5. Gay wedding and a bakeshop

At stake. In Masterpiece Cakeshop v Colorado, a cakemaker declined to design a cake for a gay wedding and had been disciplined under Colorado law for discriminating against the couple based on sexual orientation.15
Final ruling. The Court, however, found that the Colorado regulators had, ironically, shown such religious animus in the way they treated the baker that the regulators themselves had discriminated on the basis of religion. As a result, the Court reversed the sanctions against the baker.
This decision was fairly narrow.
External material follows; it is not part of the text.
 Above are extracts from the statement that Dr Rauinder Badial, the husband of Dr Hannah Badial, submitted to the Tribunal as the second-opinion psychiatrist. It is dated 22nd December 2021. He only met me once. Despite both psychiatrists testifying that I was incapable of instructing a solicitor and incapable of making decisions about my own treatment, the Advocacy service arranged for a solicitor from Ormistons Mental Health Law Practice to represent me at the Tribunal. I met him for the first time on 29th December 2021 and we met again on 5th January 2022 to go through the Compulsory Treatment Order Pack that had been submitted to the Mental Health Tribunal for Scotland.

It does not, for example, stand for the proposition that there may be a general religious exception to antidiscrimination laws. The question of broader religious or free-speech objections to antidiscrimination laws remains for another time.
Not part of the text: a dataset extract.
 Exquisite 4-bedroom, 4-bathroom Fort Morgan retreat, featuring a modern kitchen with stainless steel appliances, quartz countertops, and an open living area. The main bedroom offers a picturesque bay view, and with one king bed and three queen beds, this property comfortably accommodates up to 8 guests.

Amicus brief. It was interesting that the American College of Pediatricians, American Association of Pro-Life Obstetricians and Gynecologists, and others, filed an amicus brief to report with concern the “demands that individual medical professionals must perform, assist with, or facilitate abortions, without regard to the teachings of their own faiths, consciences, and convictions.”16 The brief also noted that “issues in the present case implicate the fundamental rights of health care professionals, and to respectfully urge that the Court should by no means permit any weakening or qualification of well-established protections against compelled speech, and of free exercise” of religion.16
Arbitration. The Court upheld, as it has in most recent terms, another arbitration agreement.1 This case concerned an employment agreement in which employees consented to submit to arbitration rather than file lawsuits and not use class action claims.
Search of cell-phone location. Cell phones, whenever turned on, connect with cell towers that record the phone’s location several times a minute. Cell companies store this information, creating a virtual map of where the owner is at all times. The Federal Bureau of Investigation asked a cell company for location information for several people during a 127-day period in which robberies were committed.2 The Court held that the search was illegal in the absence of a warrant.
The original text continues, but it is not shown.